# Chicken fried steak batter question...



## sherifffruitfly (Oct 12, 2004)

Hi all,

I just tried this chicken fried steak recipe:

http://www.discusscooking.com/viewtopic.php?t=2850&highlight=chicken+fried+steak

It was excellent. Just one question though. The "batter", after cooking the steaks, wasn't what I was expecting. I was expecting something more like "kentucky fried chicken" batter, where what the recipe  produced was more like what you would get by cooking pork chops  (in a flour/salt/peper mix).
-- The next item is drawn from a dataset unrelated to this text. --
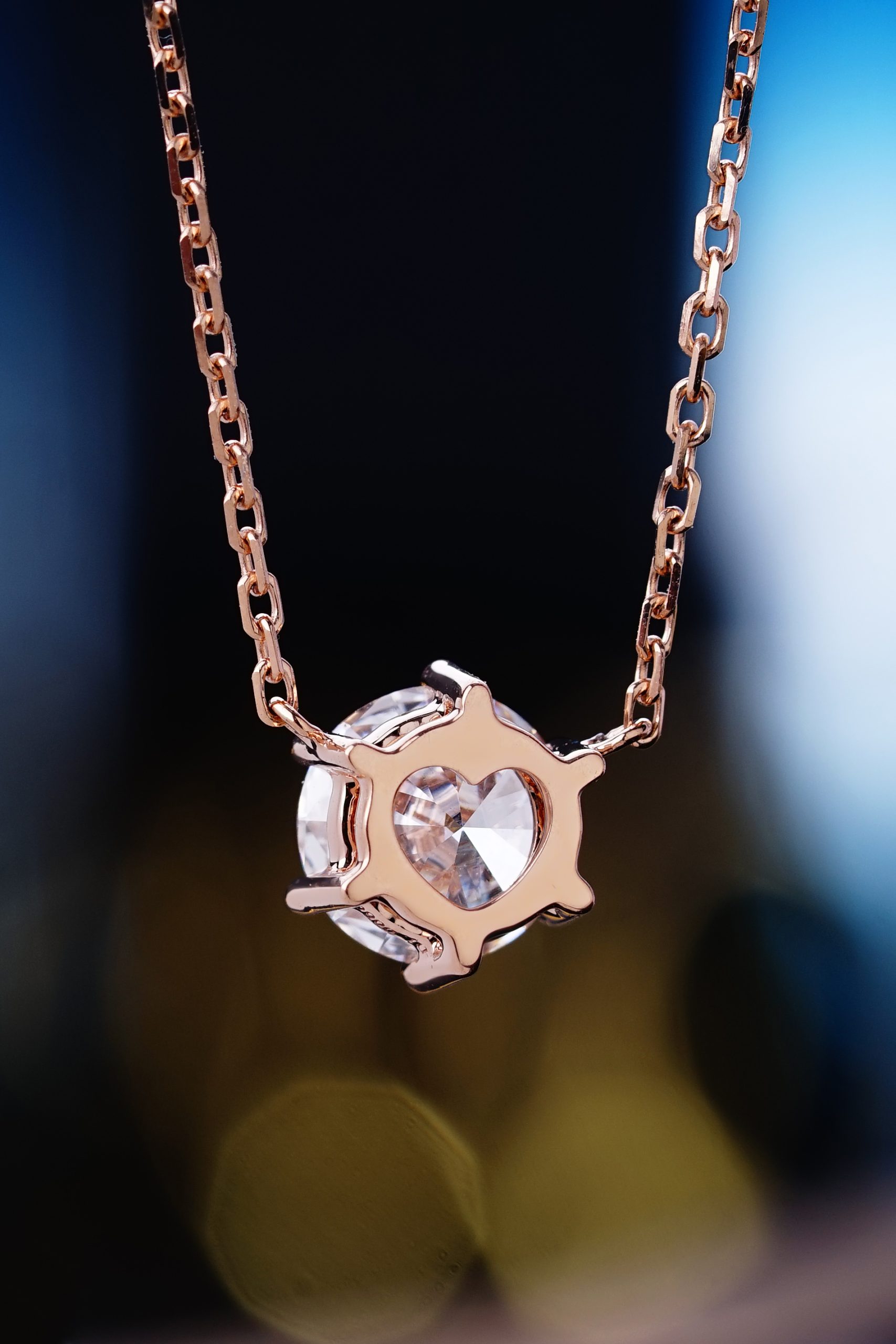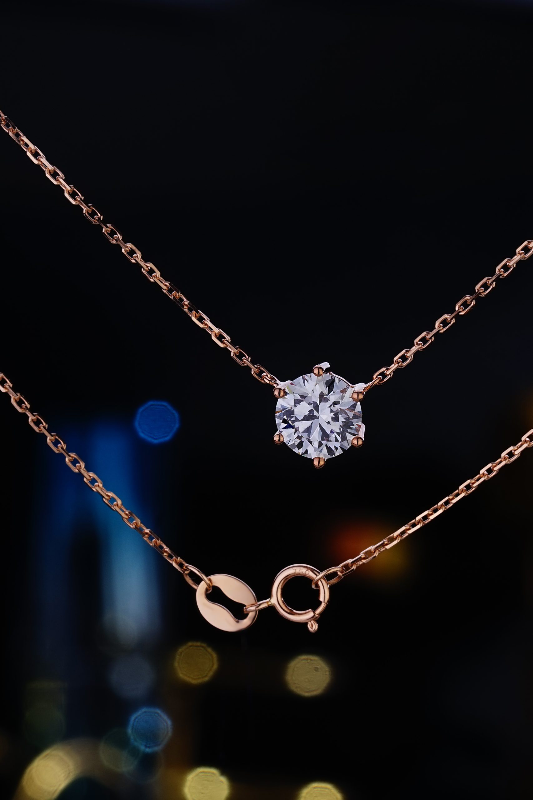 Moonlight necklace embodies timeless elegance and understated luxury. Suspended on a delicate, rose-gold chain, the pendant showcases a brilliant-cut diamond that captures light from every angle, radiating a dazzling sparkle. The diamond is meticulously set in a classic prong setting, allowing its flawless beauty to take center stage. The combination of the warm-toned gold and the crystal-clear brilliance of the diamond creates a perfect harmony of modern sophistication and classic allure.

Don't get me wrong - I totally dug the recipie. I'm just curious about what you would need to get the other kind of batter's consistency. Bread crumbs maybe?

Thanks for any suggestions,

cdj


----------



## Juliev (Oct 18, 2004)

Try adding alittle baking powder to your flour mixture.  If you're using, let's say 2 cups of flour, then add 1/2 tsp.. and.. coat the steak with the flour mixture first, then the egg, then the flour mixture again... the baking powder will make it light and crispy.


----------



## aruzinsky (Oct 19, 2004)

I would use schnitzel coating.  If you Google "schnitzel recipe" you will get links like this http://www.recipezaar.com/recipe/getrecipe.zsp?id=11200.

BTW, there is a restaurant in Chicago, IL, USA, that serves the best chicken fried steak sandwiches.  Traditionally, they cover it with "red sauce," but I order it dry because I like the crust.  Generally speaking, I think that they have the best greasy food in the World.  By the time you get home with a takeout bag from Ricobene's, it is soaked with grease, but, mmmmmmmm so good!

The restaurant is:

Ricobene's
252 W. 26th St.
Chicago, IL


----------



## beaulana2 (Oct 20, 2004)

I dip mine in flour, then buttermilk, then crushed saltine crackers, It is very good.


----------



## donnaohooh (Oct 23, 2004)

I just do mine in flour, egg and then bread crumbs.  Donna


----------